Only a small percentage of patients with dumping symptoms ultimately require surgery. Most patients improve with time (months and even years), dietary management, and medication. Therefore the surgeon should not rush to reoperate on the patient with DS. Multidisciplinary nonsurgical management must be optimized first. Before reoperation, a period of in-hospital observation is useful to define the severity of the patient's symptoms, and patient compliance with prescribed dietary and medical therapy. The results of remedial operation for dumping are variable and unpredictable. There are a variety of surgical approaches, none of which work consistently well. In addition, there is not a great deal of experience reported in the literature with any of these methods. Long-term follow-up is rare.

Patients with disabling refractory dumping after GJ can be considered for simple takedown of this anastomosis provided that the pyloric channel is patent endoscopically. For dumping following pyloroplasty, pyloric reconstruction is described, but modern day experience with this is rare and today's surgeon should view pyloroplasty as irreversible. Distal gastrectomy with Roux reconstruction ( Fig. 62.4A ), or a “duodenal switch” with division of the postbulbar duodenum and anastomosis to a Roux jejunal limb, is currently the best option for the uncommon patient with refractory postpyloroplasty dumping. For severe dumping after Billroth I or II gastrectomy, conversion to Roux-en-Y GJ should be considered because the motility of the Roux limb tends to slow gastric emptying. However, gastric stasis and/or marginal ulceration may result particularly in the presence of a large gastric remnant. Lifelong acid suppression should be considered. The reversed intestinal interposition is rarely used currently for DS—and rightly so. This operation interposes a 10-cm reversed segment of intestine between the stomach and the proximal small bowel (see Fig. 62.4B ). This slows gastric emptying but often leads to obstruction, requiring reoperation. Isoperistaltic interposition (Henley loop) between the gastric remnant and the duodenum has not been successful in sustained improvement of DS. Because pyloric ablation is a dominant factor in the etiology of postgastrectomy dumping, it is not surprising that conversion of Billroth II to Billroth I anastomosis cannot ensure resolution of dumping symptoms. Newer surgical techniques, such as pylorus-preserving segmental gastrectomy for early cancer of the midbody of the stomach, have been reported and may significantly decrease the incidence of postoperative dumping.

Postvagotomy Diarrhea

Truncal vagotomy is associated with clinically significant diarrhea in 5% to 10% of patients. It occurs soon after surgery and usually is not associated with other GI or systemic symptoms, a fact that helps to distinguish it from dumping. The diarrhea may be a daily occurrence, or there may be significant periods of relatively normal bowel function. The symptoms tend to improve over the months and years after the index operation, and long-term significant postvagotomy diarrhea occurs in only 1% to 2% of vagotomy patients. The cause of postvagotomy diarrhea is unclear. Although rare, it can even occur after proximal gastric vagotomy or fundoplication, suggesting that intestinal vagal denervation may not be the sole cause. Factors contributing to postvagotomy diarrhea include intestinal dysmotility and accelerated transit, bile acid malabsorption, rapid gastric emptying, altered microbiome, and bacterial overgrowth. The latter problem is facilitated by decreased gastric acid secretion and (even small) blind loops. Although bacterial overgrowth can be confirmed with the hydrogen breath test, a simpler test is an empirical trial of oral antibiotics and/or probiotics. Some patients with postvagotomy diarrhea respond to cholestyramine, whereas in others codeine or loperamide may be useful. It has been shown experimentally that the total bile acid content in the stools of patients with postvagotomy diarrhea, although not significantly greater than in those without this problem, has more than twice the amount of chenodeoxycholic acid. Such findings lend support to the hypothesis that bile acid malabsorption may contribute to postvagotomy diarrhea in some patients.
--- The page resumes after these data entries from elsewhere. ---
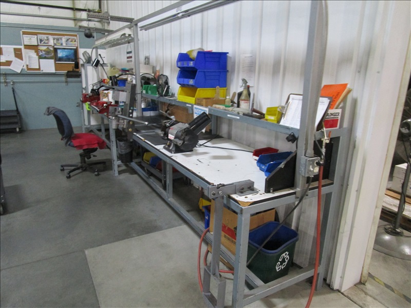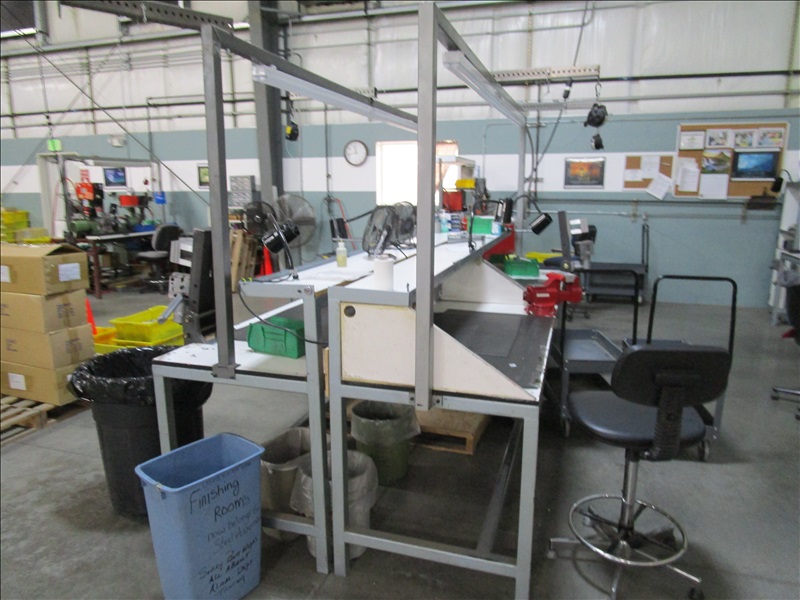 (4) ASSEMBLY TABLES W/LIGHT, CHAIRS & VISES
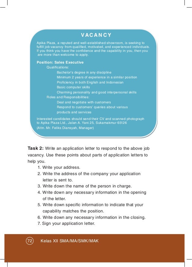 Based On This Job Vacancy Write A Simple Application Letters Brainly Co Id
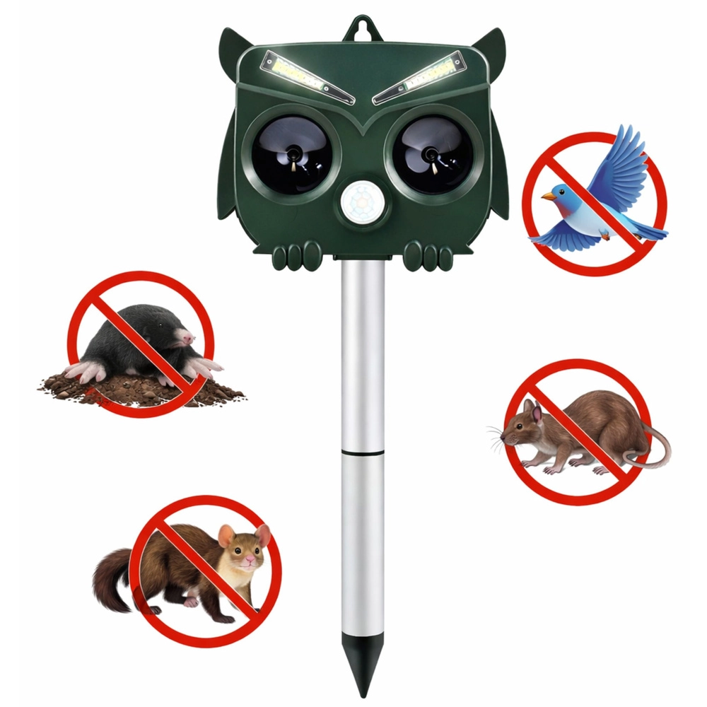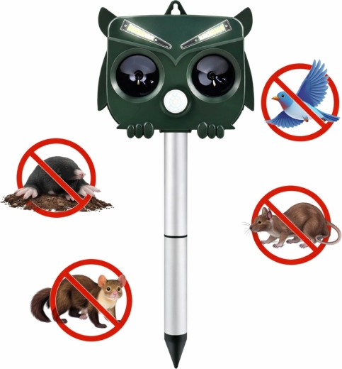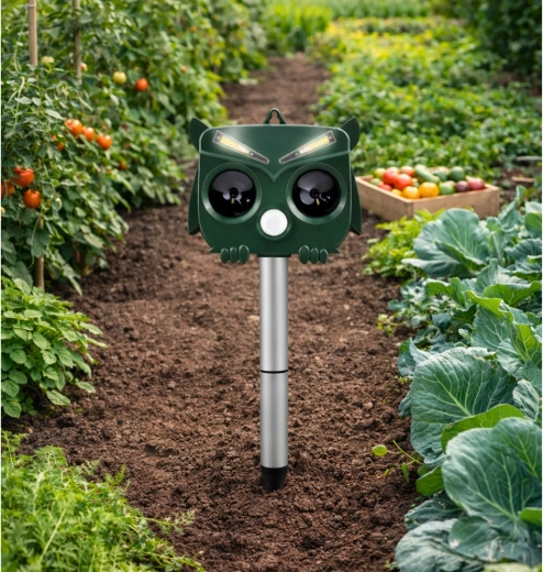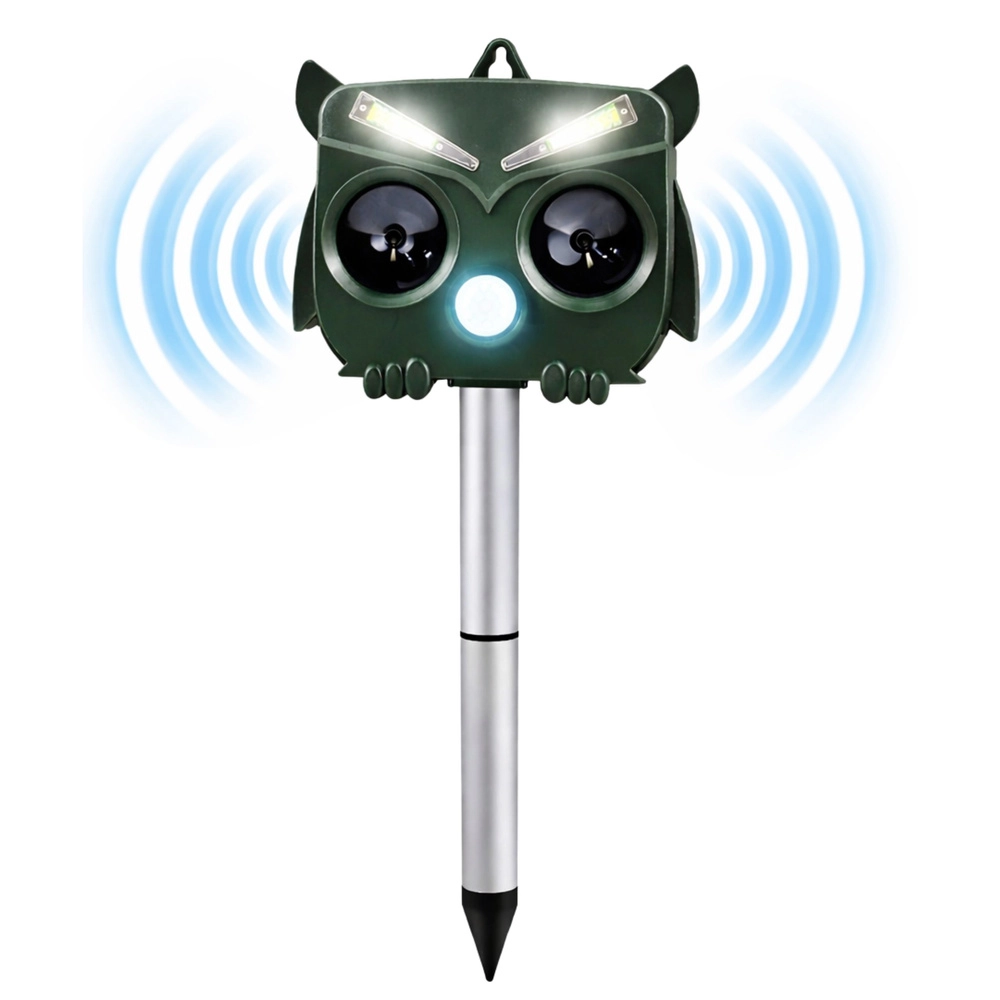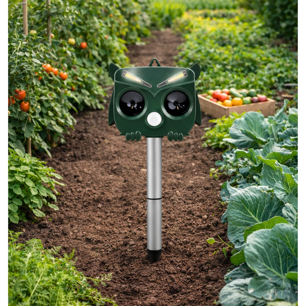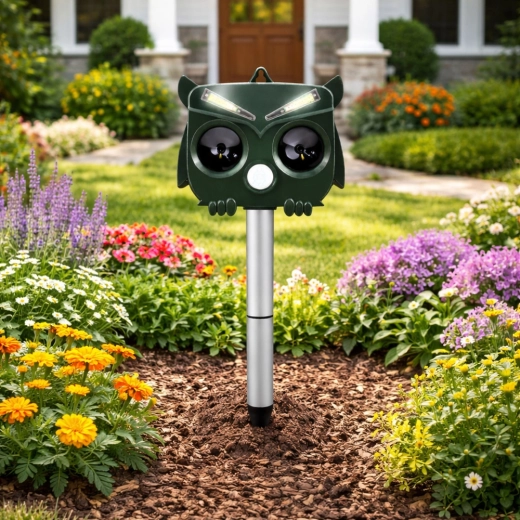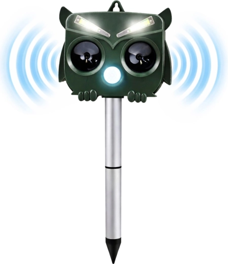Chraňte zahradu ekologicky a bez chemie se sovím odpuzovačem na solární pohon. Zařízení s PIR čidlem pohybu se aktivuje jen při detekci zvířete a kombinuje ultrazvuk, zvukové signály a blikající LED pro účinné, ale šetrné odrazení koček, ptáků, hlodavců a další zvěře. Nabíjení probíhá solárně nebo přes USB, montáž je snadná pomocí zemního hrotu či závěsného oka.
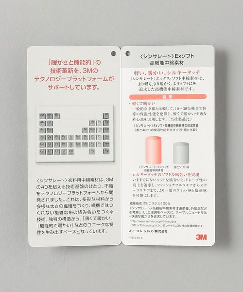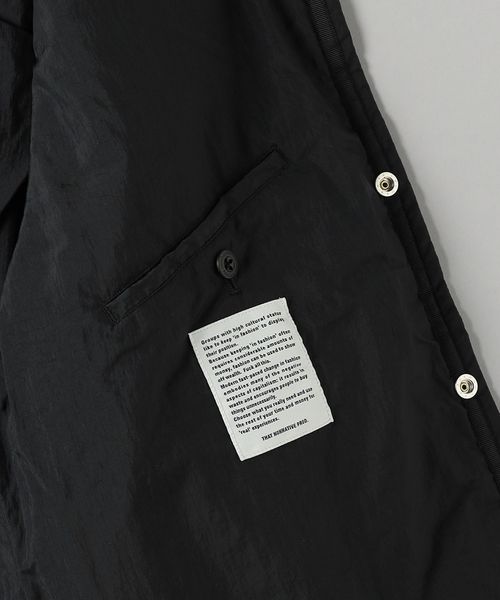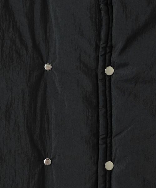 フロントのスナップボタンをダブル幅で設けることにより、アウターの中に着込む際にコンパクトな着用が可能となっています。
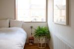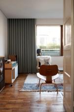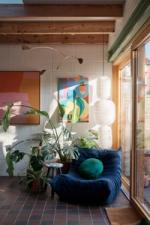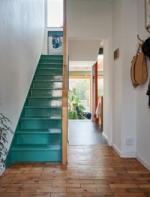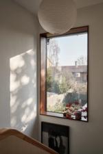 Upstairs are three bedrooms and a family bathroom featuring green tiles and brass fittings. A large window above the stairs draws light deep into the house. The interiors are furnished with a mix of classic mid-century and contemporary pieces.
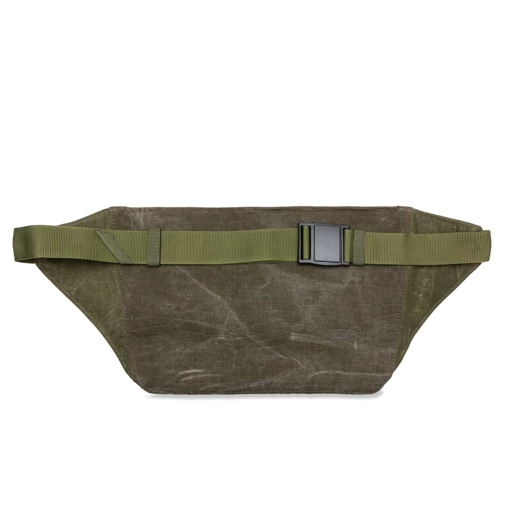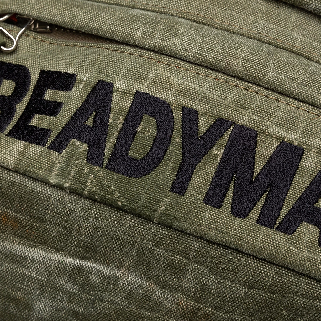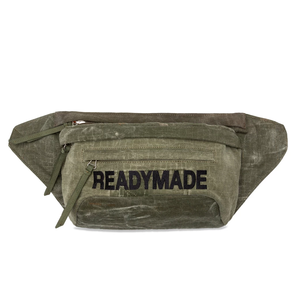 READYMADE was created in 2013 as the vision of designer Yuta Hosokawa. The brand’s theme was world peace. By upcycling military materials, Hosokawa thought turning items used for violence and death into items for pleasure would convey his wish for an end to all war. Pictured is the ReadyMade Embossed Logo Belt Bag in Green.
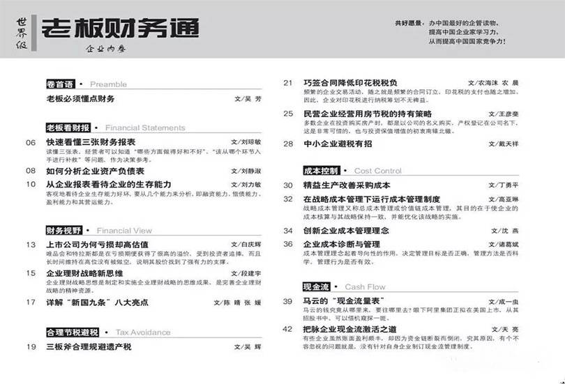 主要栏目有:老板看财报FinancialStatements,财务视野FinancialView,合理节税避税TaxAvoidance,成本控制CostControl,现金流CashFlow,风险管控RiskControl等。

Fat malabsorption should also be considered in the differential diagnosis of postvagotomy diarrhea. This can be caused by acid inactivation of pancreatic enzymes, poorly coordinated mixing of food and digestive juices, or bacterial overgrowth. This can be confirmed with a qualitative test for fecal fat. It is best treated with acid suppression and pancreatic enzyme supplements, and if appropriate oral antibiotics. Postvagotomy diarrhea usually does not respond to these modalities.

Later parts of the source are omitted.